The applied dosage of 4.8 mg SiO₂/kg body weight per day to mice by drinking water is very low considering background Si level by normal drinking water and diet and cannot be even considered to induce lesions. Based on the presented study design and the findings established, including the silicon analysis in different organs, no effect of Si on the liver and kidney can be stated. All lesions described are within the range of normal expected background alterations in wild-type mice of this strain and age.
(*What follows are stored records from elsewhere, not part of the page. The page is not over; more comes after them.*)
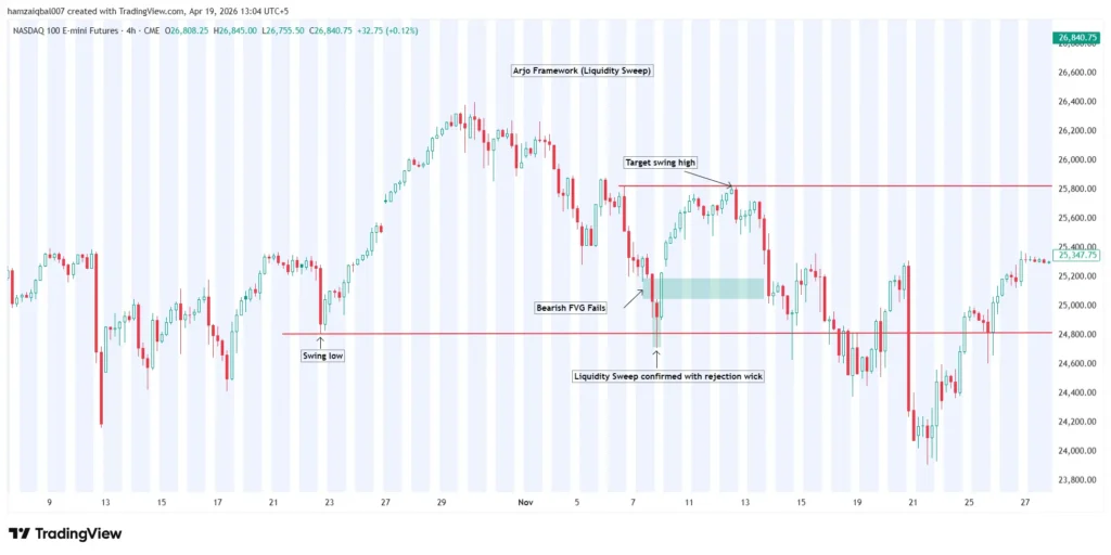 - A liquidity sweep leads to a trend reversal.
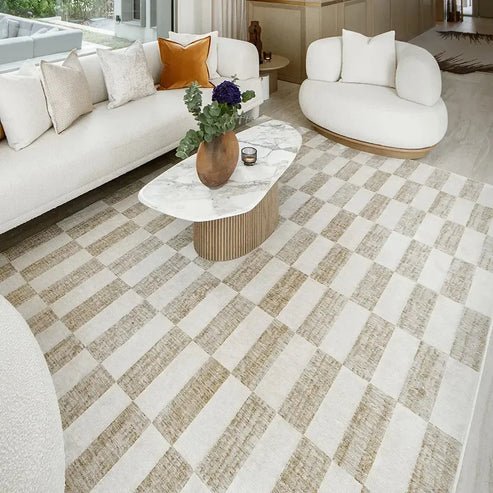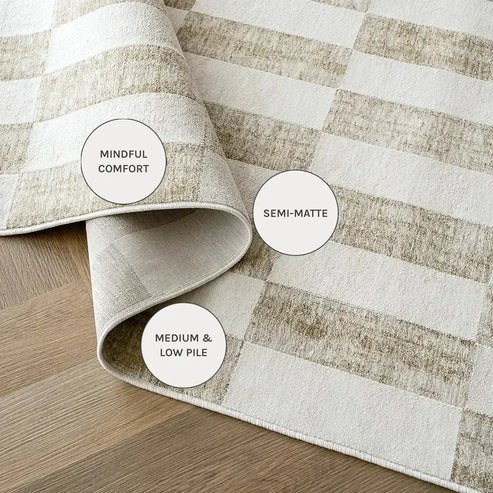 In a neutral Beige that will complement any color scheme, this geometric rug does it all with texture. A mixed-cut pile creates an all over checkerboard pattern to give it a modern flavour you’ll love.
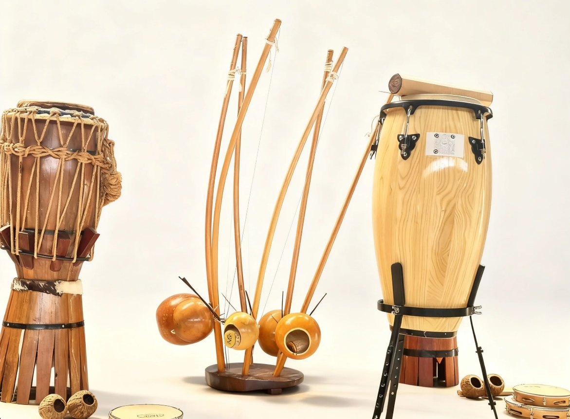 Die musikalischen Grundlagen werden in separaten Musiktrainings vermittelt, die in den regulären Trainingsalltag integriert sind. In unserer Gruppe besteht die musikalische Begleitung aus dem Zusammenspiel von drei Berimbaus (Musikbögen) – Gunga, Médio und Viola –, einer Atabaque (Trommel), zwei Pandeiros (Tamburine) und einem Agogô (Glockeninstrument). Alle weiteren Capoeiristas beteiligen sich durch rhythmisches Händeklatschen.
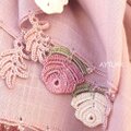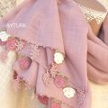 大判のストールの上下に優しく、かわいく薔薇が揺れるデザイン、
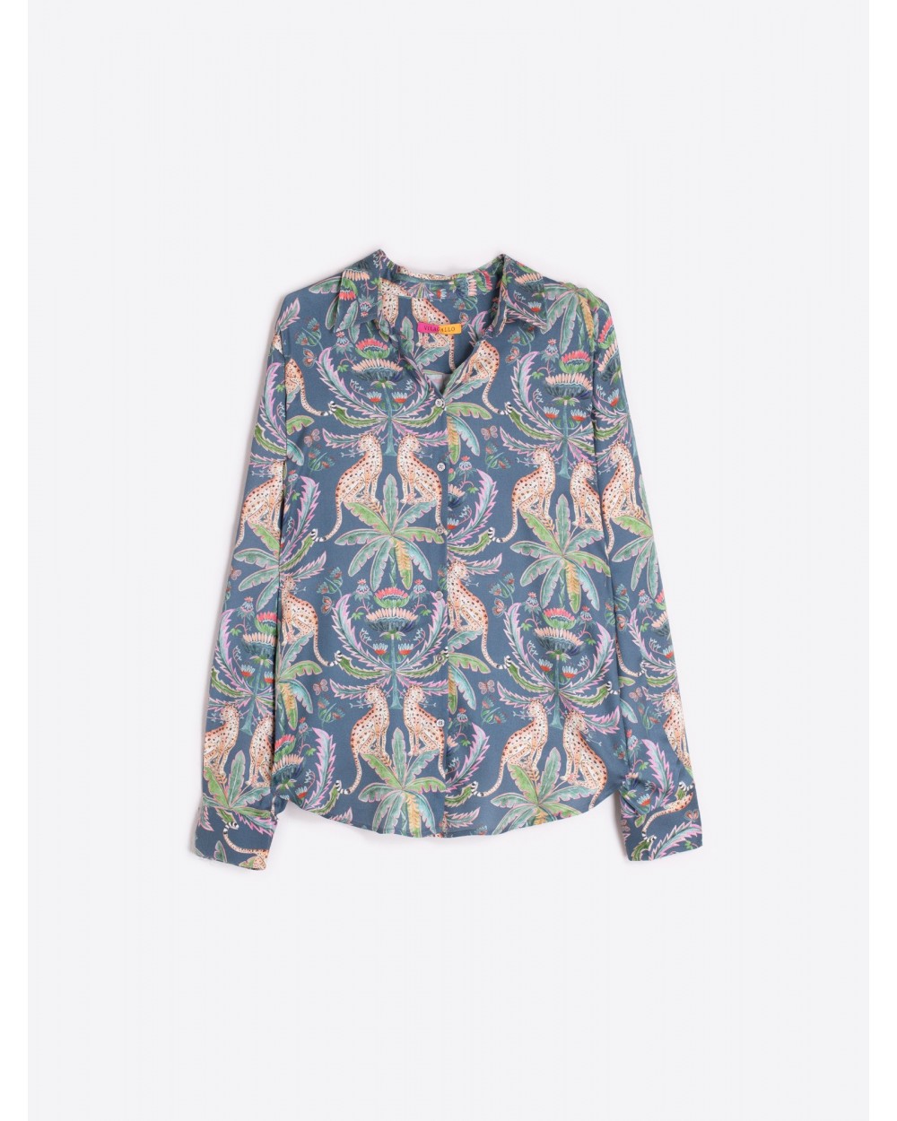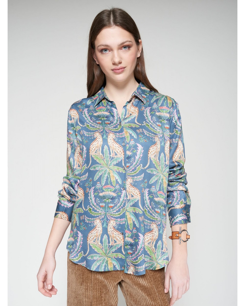 Camisa manga larga, con estampado de leopardos y palmeras, en fondo azul grisàceo, cuello clàsico con cierre frontal de botones. Corte recto y bajo redondeado.
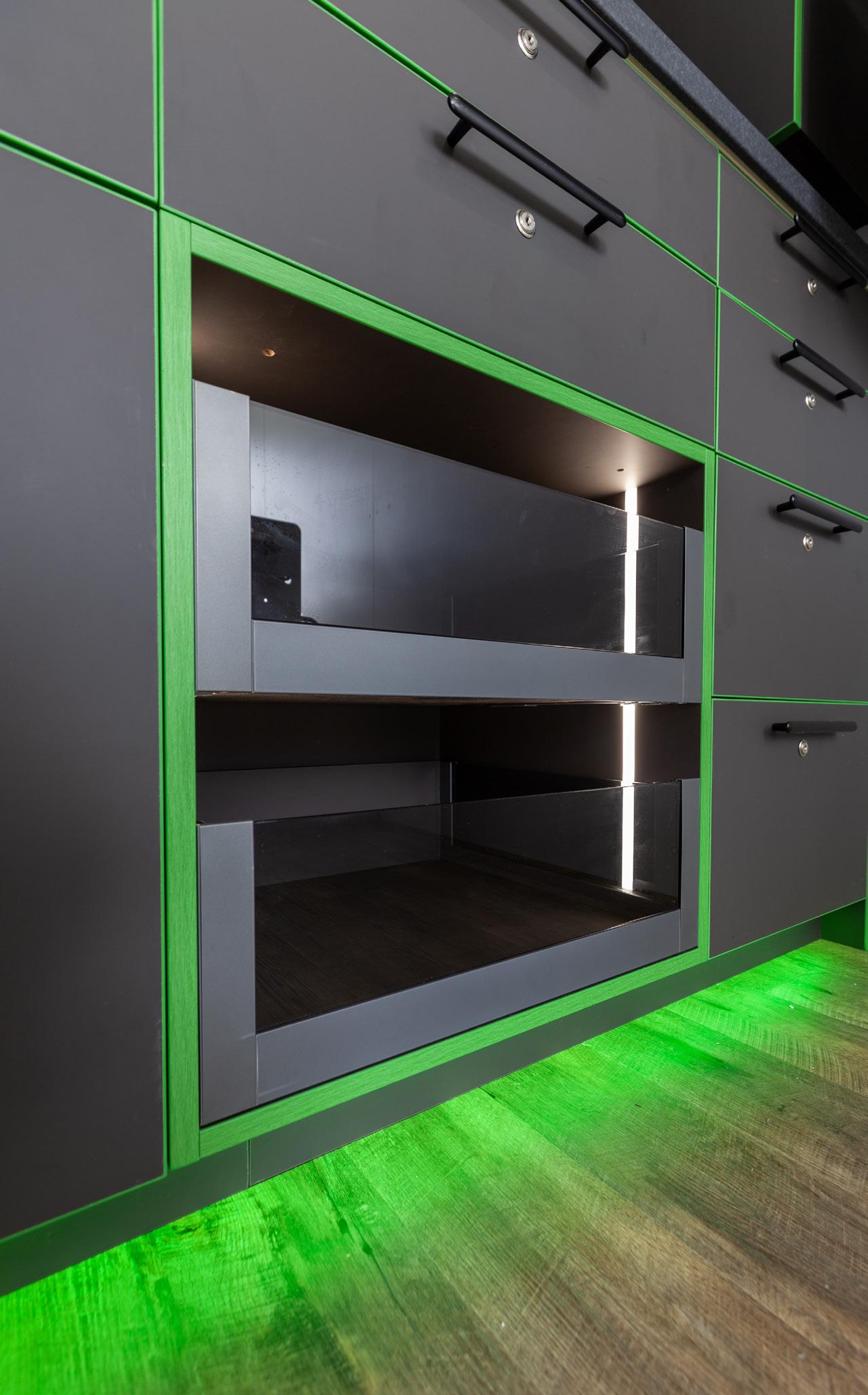 Clad in laser-welded, powder-coated steel, the characteristic frame has become a distinctive trademark: With a wide range of design options, the complete drawer unit becomes a one-of-a-kind experience. Thanks to the rectangular shape, the strikingly simple metal design can be combined with custom designer panels as desired, for example with high-quality mineral resin surfaces or elegant real-wood designs. This creates an unparalleled range of options for giving furniture an individual, unique profile.
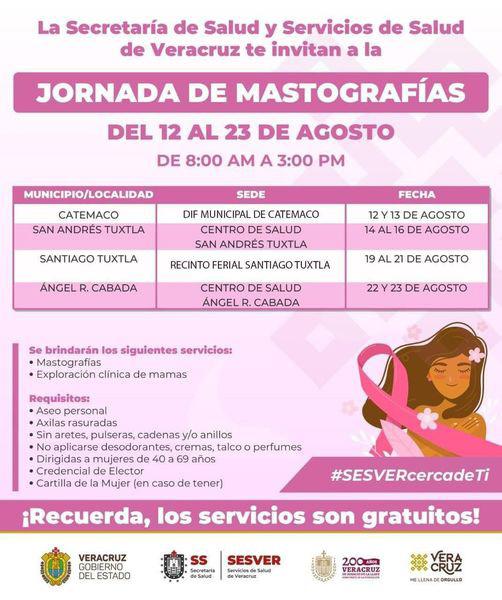 La Secretaría de Salud del Gobierno del Estado de Veracruz en coordinación con el Gobierno Municipal de Catemaco invitan a la Jornada de Mastografías. 12 y 13 de Agosto DIF Municipal de Catemaco 8:00 a.m a 3:00 p.m Consulta la imagen para más información sobre estas jornadas.
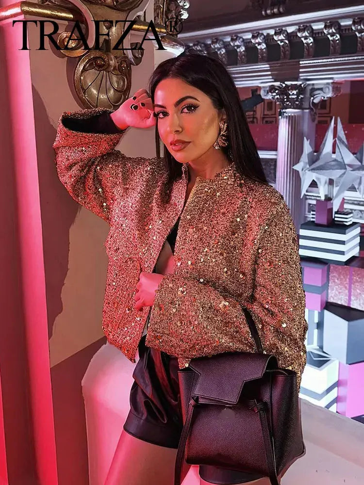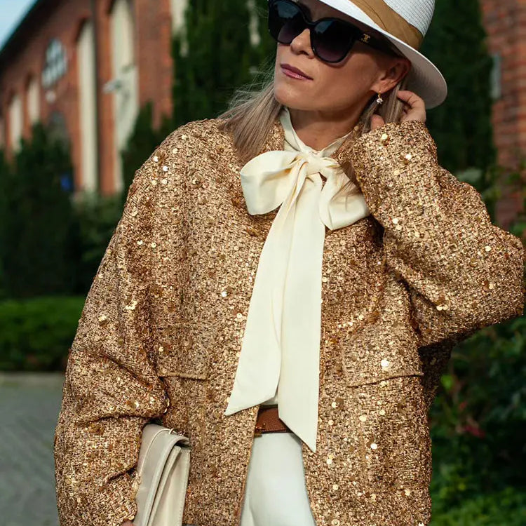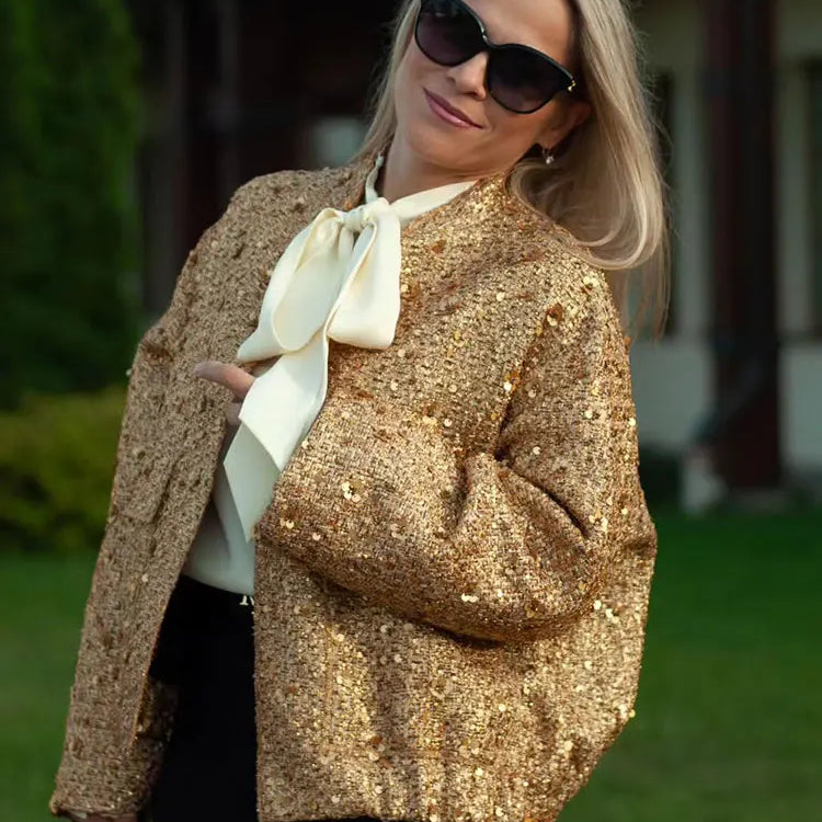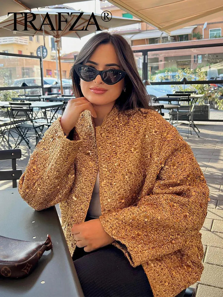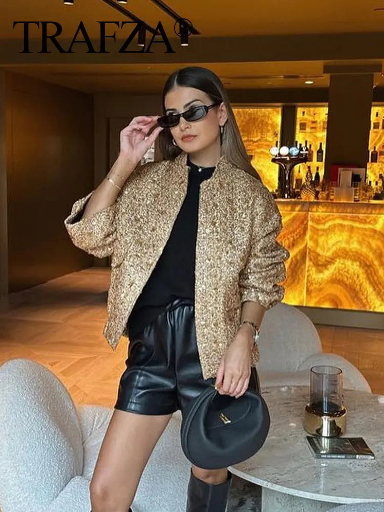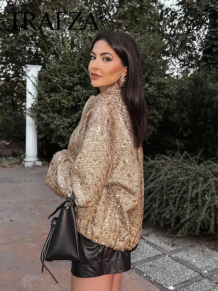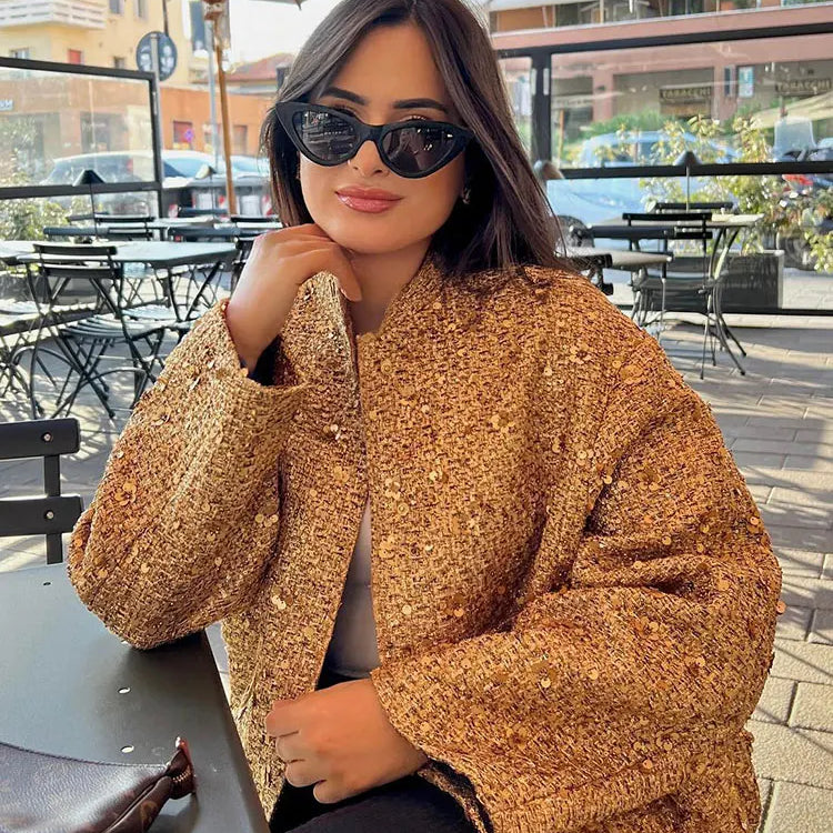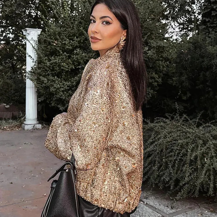 Casaco de outono para mulheres, moda feminina, lantejoulas douradas, gola alta, manga comprida, solto, curto, jaqueta feminina com pregas
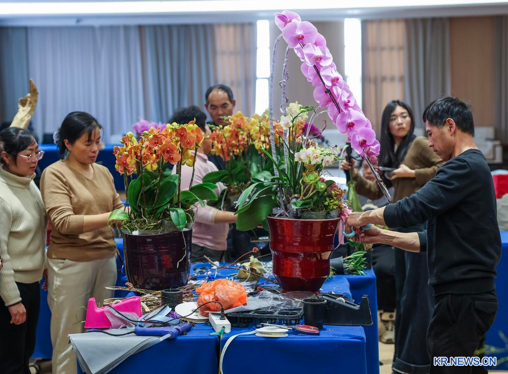 저장(浙江)성 진화(金華)시 진둥(金東)구 리푸(澧浦)화훼∙묘목성(城) 상인들이 8일 호접란 꽃꽂이를 배우고 있다.
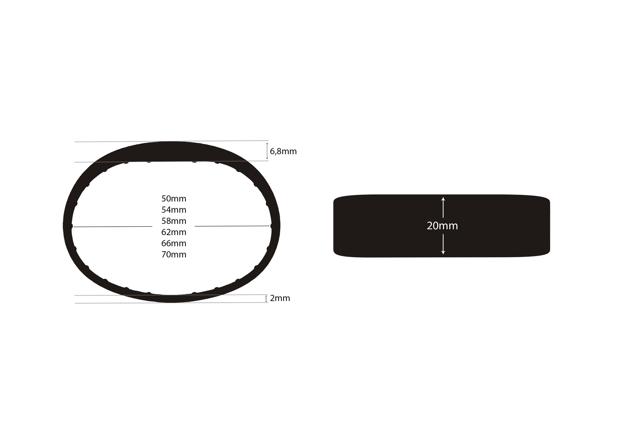 50mm (157mm) bis 70mm (220mm) |
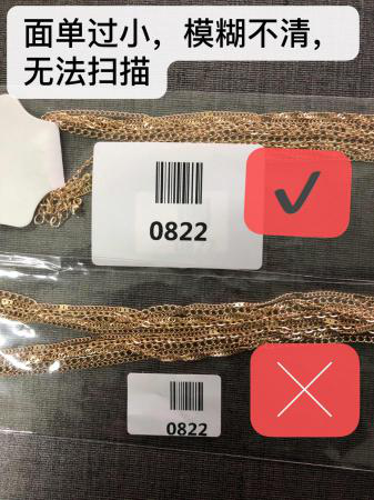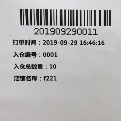 4、商品在入仓时,入仓单,入仓编码都正确,但入仓编码条形码模糊不清,纸张过小,导致无法扫描,需要仓库重新打印粘贴后才能扫描(现场会提供图片给运营传达给商家)如图:

No control data are available from the type of transgenic mice used.

Disclosure

KW (AnaPath GmbH) works as a consultant for and ND who is a member of the Association of Synthetic Amorphous Silica Producers (ASASP). JF (PQ Corporation), MK (Wacker Chemie AG), NK and TBS (Evonik Resource Efficiency GmbH), JN (Grace Europe Holding GmbH), J-AS (Solvay), and DS (Pittsburgh Plate Glass Company) produce synthetic amorphous silica.